Go fishing. Or, more accurately, boating and fishing.

I haven’t been thinking about going fishing just because it’s the most sedentary activity known to mankind. I’ve been thinking about going fishing because I’m floating on a boat somewhere in Desolation Sound with a family and grandchildren I never imagined I’d have. And somewhere, lurking beneath the surface of the water, are very tasty creatures.

As hobbies or pastimes go, I guess fishing is no stranger than any other, assuming “other” embraces such pursuits as philately and numismatics. For the terminally insecure though, there is security in numbers—at least for the insecure who feel more comfortable hiding out in large groups—and fishing is still the most widely practiced sport, hobby, distraction, time-wasting excuse for sittin’ around drinking beer in the world. It touches man’s primal instincts to challenge nature, secure food, and get things tangled up beyond hope.
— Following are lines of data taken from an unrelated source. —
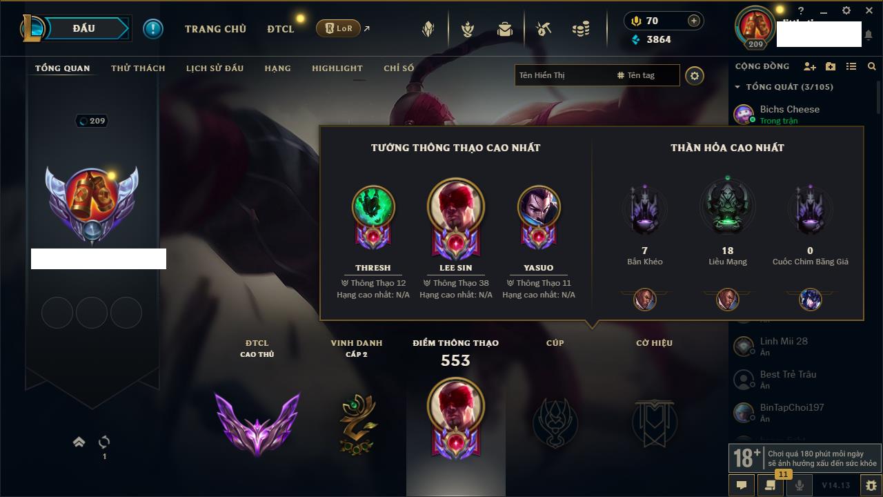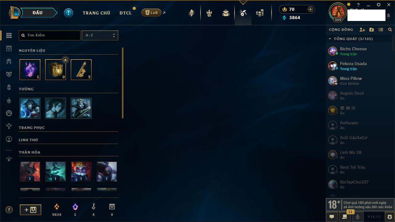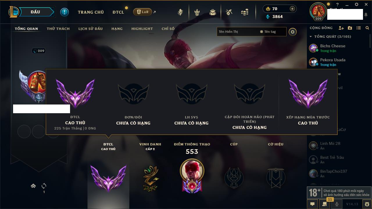 Rank Đơn: Chưa rank mùa nào Khung: Chưa có khung Tướng: 0 - Còn 2000 THX Trang Phục: 0 Rank ĐTCL: Chưa Rank Linh Thú: 14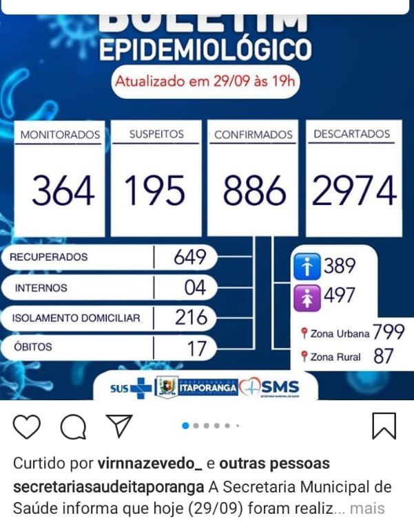 O município de Itaporanga, a Rainha do Vale do Piancó, preocupa no que tange à Covid-19. Foram registrados mais casos do Coronavírus e o município atingiu uma marca negativa de mais 885 pessoas infectadas com à Covid-19, segundo dados da Secretária de Saúde do Município , divulgado nesta terça-feira 29/09. Já são 17 mortes por contaminação da doença, até a última terça-feira (29), de acordo com informações da secretaria municipal de saúde.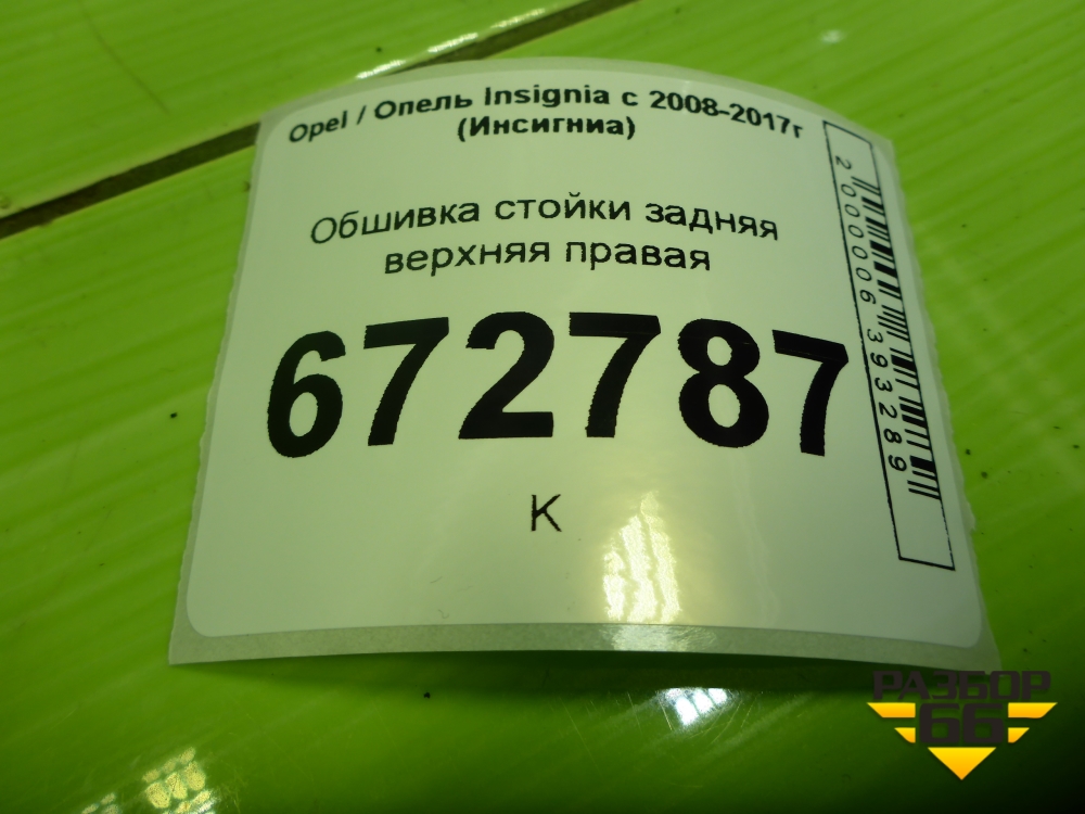 Обшивка стойки задняя верхняя правая (13221260) для Opel Insignia с 2008-2017г (Инсигниа) в Екатеринбурге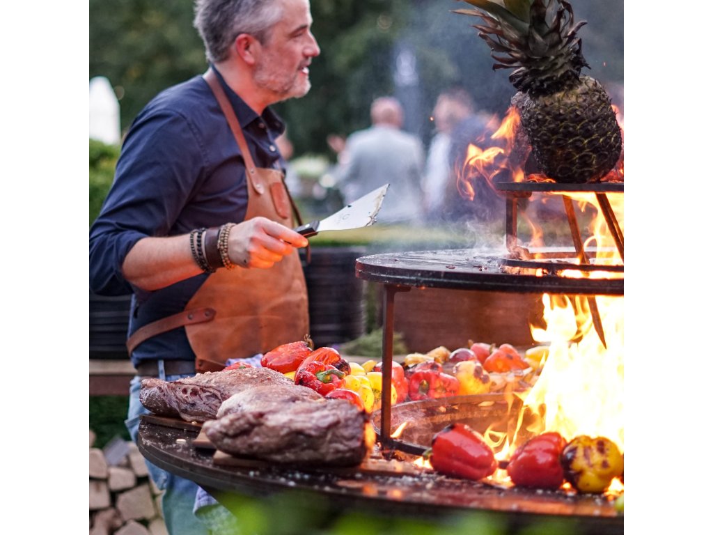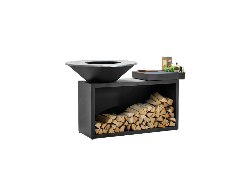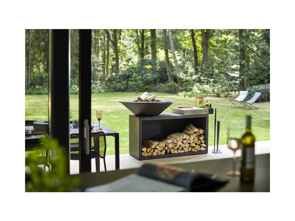Díky integrovanému úložnému prostoru na dřevo máte vše potřebné vždy po ruce a pracovní plocha poskytuje dostatek místa pro přípravu surovin i servírování. Výsledkem je funkční venkovní kuchyně, která spojuje design, praktičnost a radost z otevřeného ohně.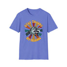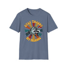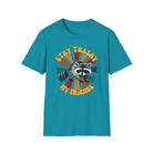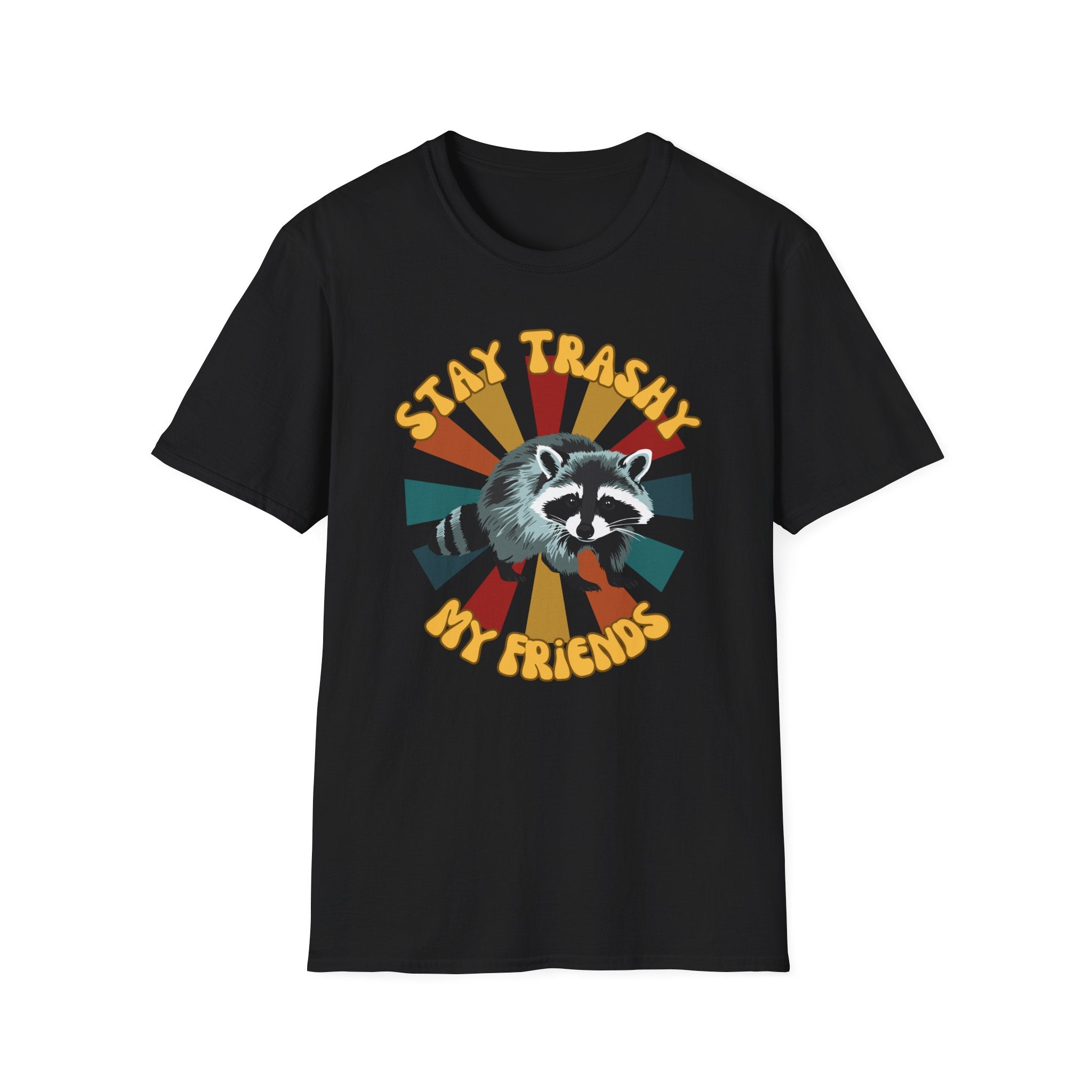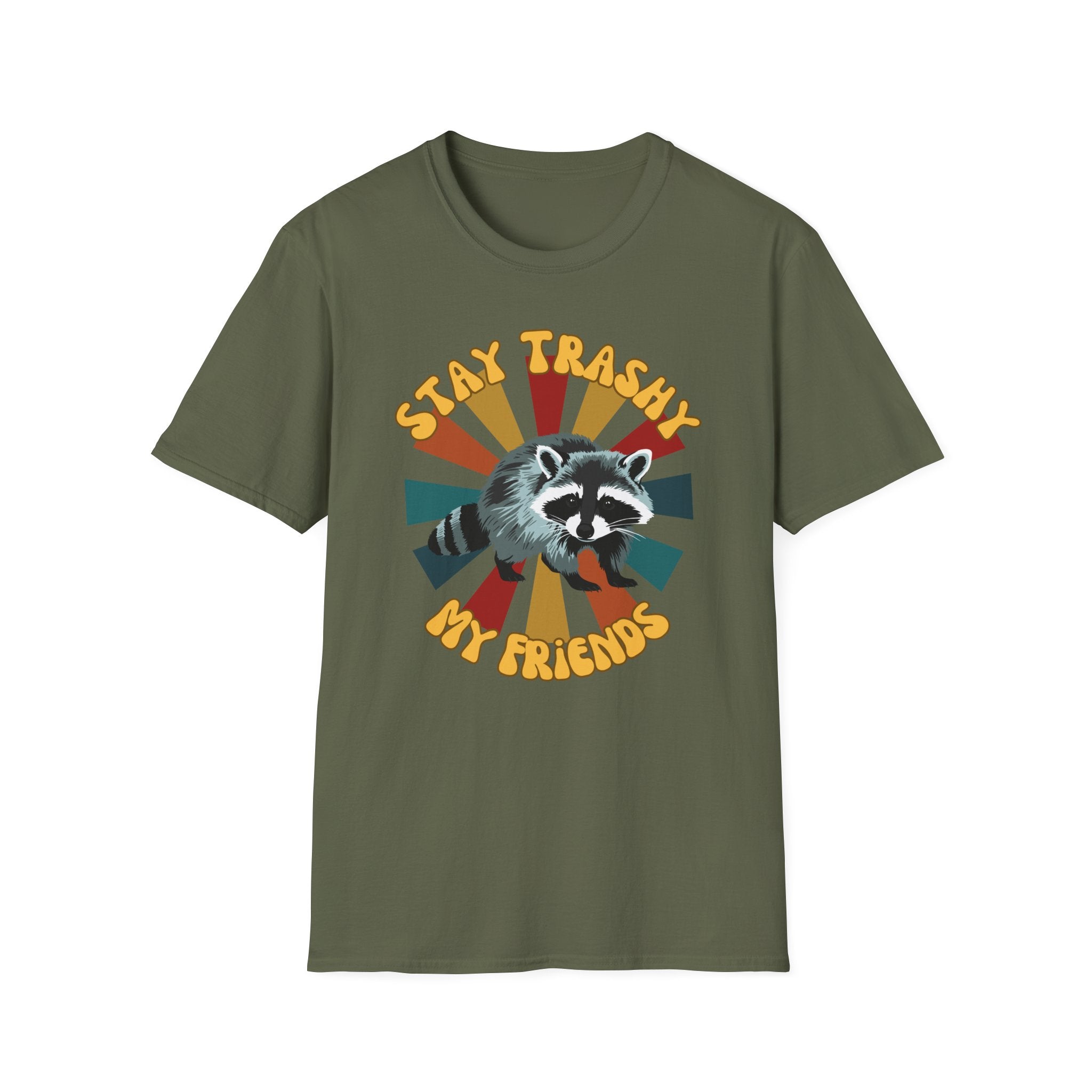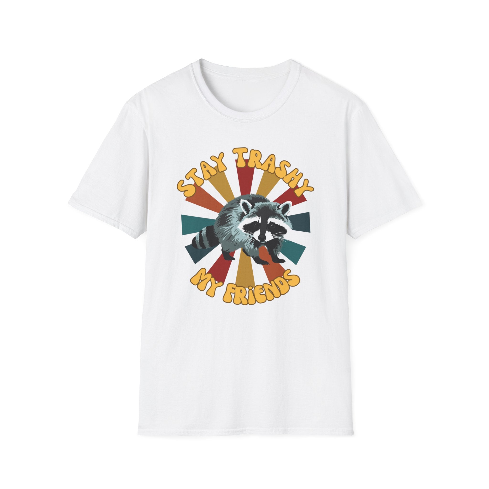 A unisex softstyle T-shirt featuring a design of a raccoon with text 'Stay Trashy My Friends'. This quirky and fun shirt is perfect for animal lovers and those who appreciate a bit of humor in their wardrobe. Ideal for casual wear or as a statement piece for a relaxed day out.
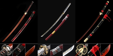 T10 carbon steel katana with a dark red lacquer saya — each piece in this collection is hand-forged, clay tempered, and finished with a genuine hamon that reflects the tradition of Japanese blade-making. From lotus and chrysanthemum tsuba to demon and lion guard designs, every detail is chosen to reward the discerning collector. Explore a curated selection of full-tang, display-ready katana that make equally striking gifts. Free standard shipping on all orders, with hassle-free returns.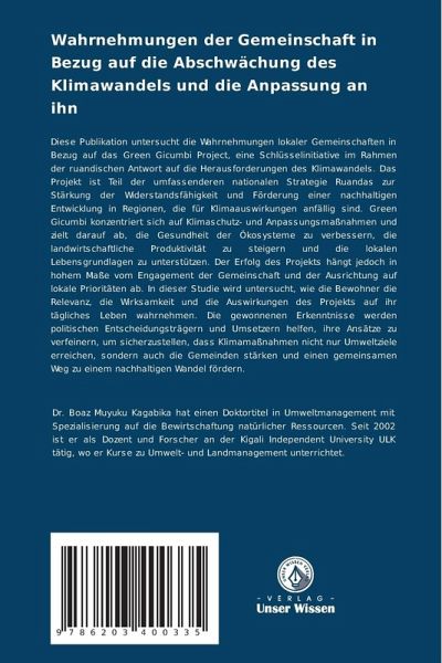 Diese Publikation untersucht die Wahrnehmungen lokaler Gemeinschaften in Bezug auf das Green Gicumbi Project, eine Schlüsselinitiative im Rahmen der ruandischen Antwort auf die Herausforderungen des Klimawandels. Das Projekt ist Teil der umfassenderen nationalen Strategie Ruandas zur Stärkung der Widerstandsfähigkeit und Förderung einer nachhaltigen Entwicklung in Regionen, die für Klimaauswirkungen anfällig sind. Green Gicumbi konzentriert sich auf Klimaschutz- und Anpassungsmaßnahmen und zielt darauf ab, die Gesundheit der Ökosysteme zu verbessern, die landwirtschaftliche Produktivität zu steigern und die lokalen Lebensgrundlagen zu unterstützen. Der Erfolg des Projekts hängt jedoch in hohem Maße vom Engagement der Gemeinschaft und der Ausrichtung auf lokale Prioritäten ab. In dieser Studie wird untersucht, wie die Bewohner die Relevanz, die Wirksamkeit und die Auswirkungen des Projekts auf ihr tägliches Leben wahrnehmen. Die gewonnenen Erkenntnisse werden politischen Entscheidungsträgern und Umsetzern helfen, ihre Ansätze zu verfeinern, um sicherzustellen, dass Klimamaßnahmen nicht nur Umweltziele erreichen, sondern auch die Gemeinden stärken und einen gemeinsamen Weg zu einem nachhaltigen Wandel fördern.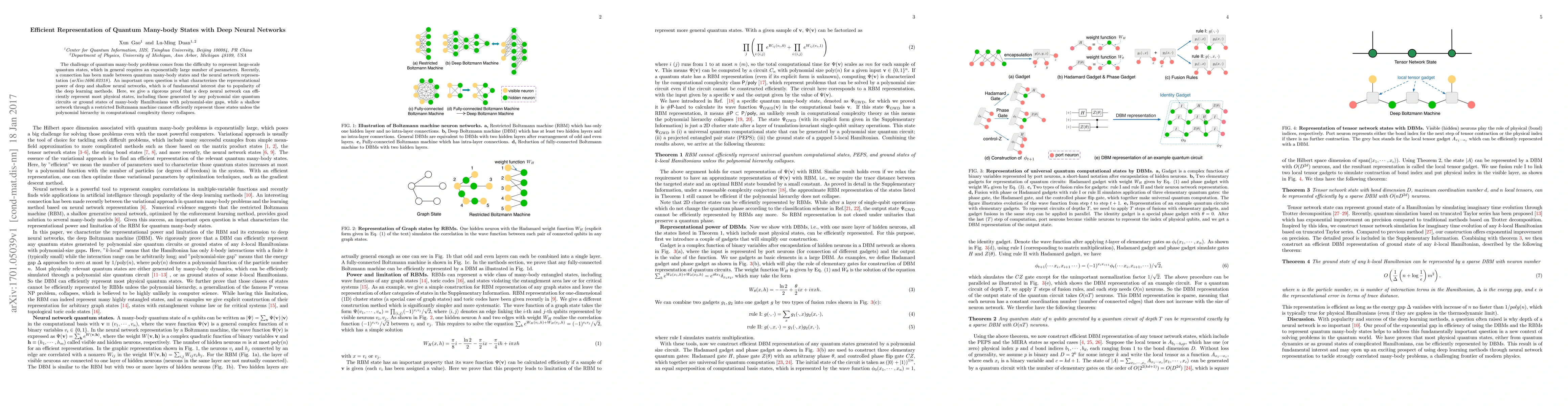 The paper presents a rigorous proof that deep neural networks can efficiently represent most physical quantum states, including those generated by polynomial-size quantum circuits or ground states of many-body Hamiltonians with polynomial-size gaps. It contrasts this with shallow networks, like restricted Boltzmann machines, which cannot efficiently represent such states unless the polynomial hierarchy collapses.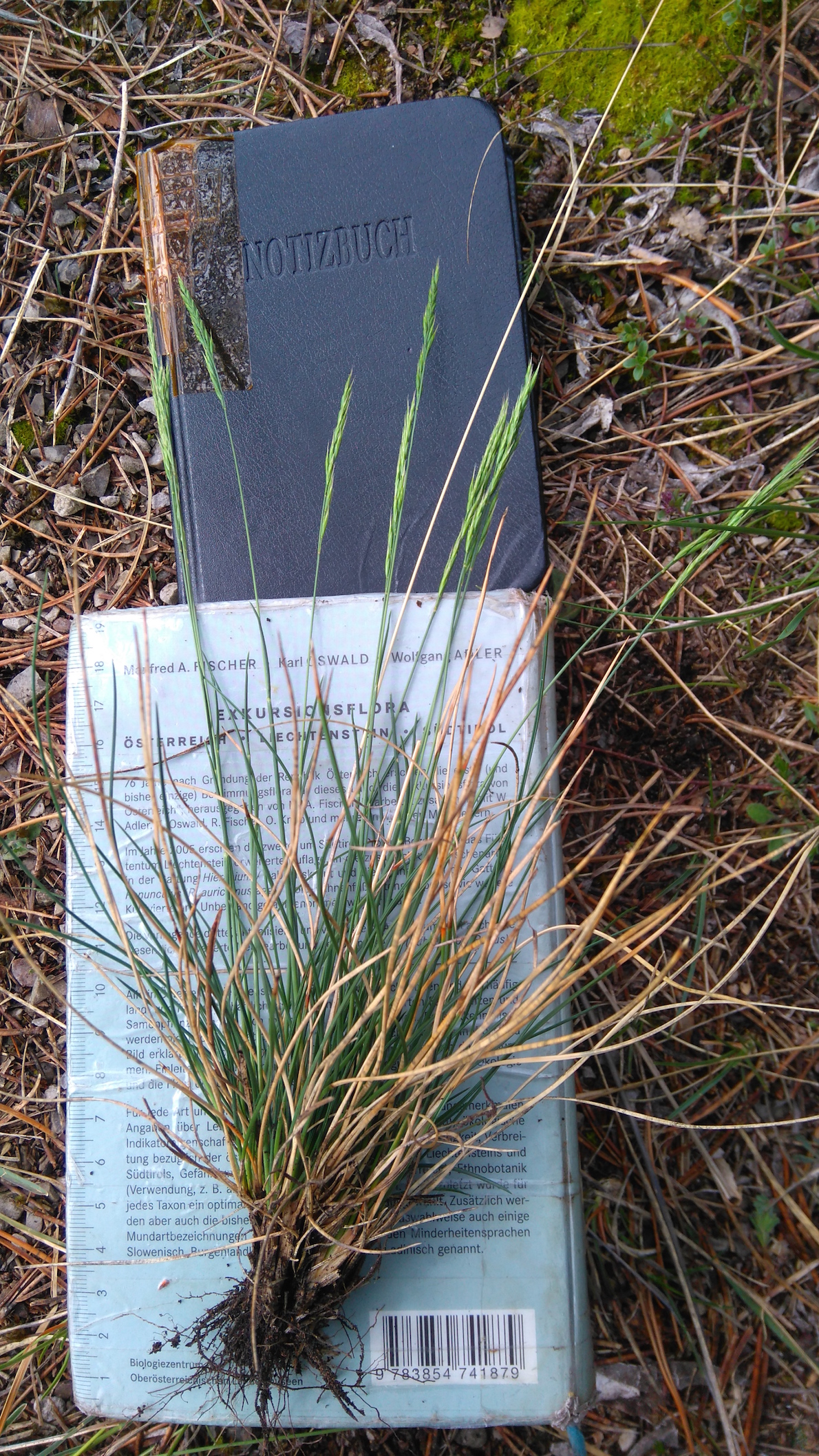 "Im Gelände und im Beitrag vom 11. 4. 2017 wurden natürlich nur die wichtigsten an den betreffenden Naturstandorten vorkommenden Festuca-Arten dargestellt und von Stefan Lefnaer (13. 4. 2017) dankenswerterweise mit Blattquerschnittsbildern ergänzt. Darüber hinaus können durchaus weitere, natürlich vorkommende, aber auch angesalbte Arten vorkommen. Unter ersteren ist Festuca stricta zu nennen, eine mit F. rupicola nahe verwandte, xeromorphe Sippe, die vor allem auf dolomitischem Felsgrus und an offenen Stellen in ganz flachgründigen Trockenrasen vorkommt und auch in ganz lichte Föhrenwälder hinein reicht. Um eine solche handelt es sich, wie sich beim Nachbestimmen herausstellte, bei der auf Fotos 7969 (download/file.php?id=370) und 7970 (download/file.php?id=371) abgebildeten Pflanze.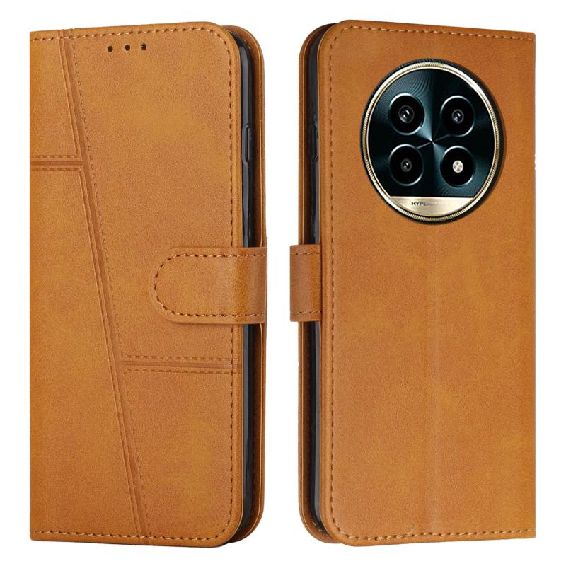 For Realme 13 Pro+ Stitching Calf Texture Buckle Leather Phone Case(Yellow)

Some people believe fishing is a metaphor for life. These people are not fishermen; they are philosophers. Fishermen believe life is a metaphor for fishing. We are fools. And any place there happens to be water filled to any degree with fish, or even the hope of a promise of fish, is Fool’s Paradise.

While it may be important to include women in the broad and politically incorrect moniker “fishermen,” fishing is, at its very soul, a guy thing, and women who pursue it with passion are channelling their inner guy. Anything that involves as much pointless sitting around waiting for something to happen as fishing does is, by definition, a guy thing. 

And that’s probably just as well. Fishing is one of those primal activities that both defines the cosmic essence of being a guy and at the same time, undermines it in at least two very significant ways. It has become a standing joke that guys are incapable of distinguishing between or naming more than six colours: red, green, blue, purple, orange and yellow. This is, of course, in stark contrast to many women who can name at least six subtle variations of an infinite number of colours, many of which only exist in paint, home furnishings and the seasonal change of “fashionable” hues.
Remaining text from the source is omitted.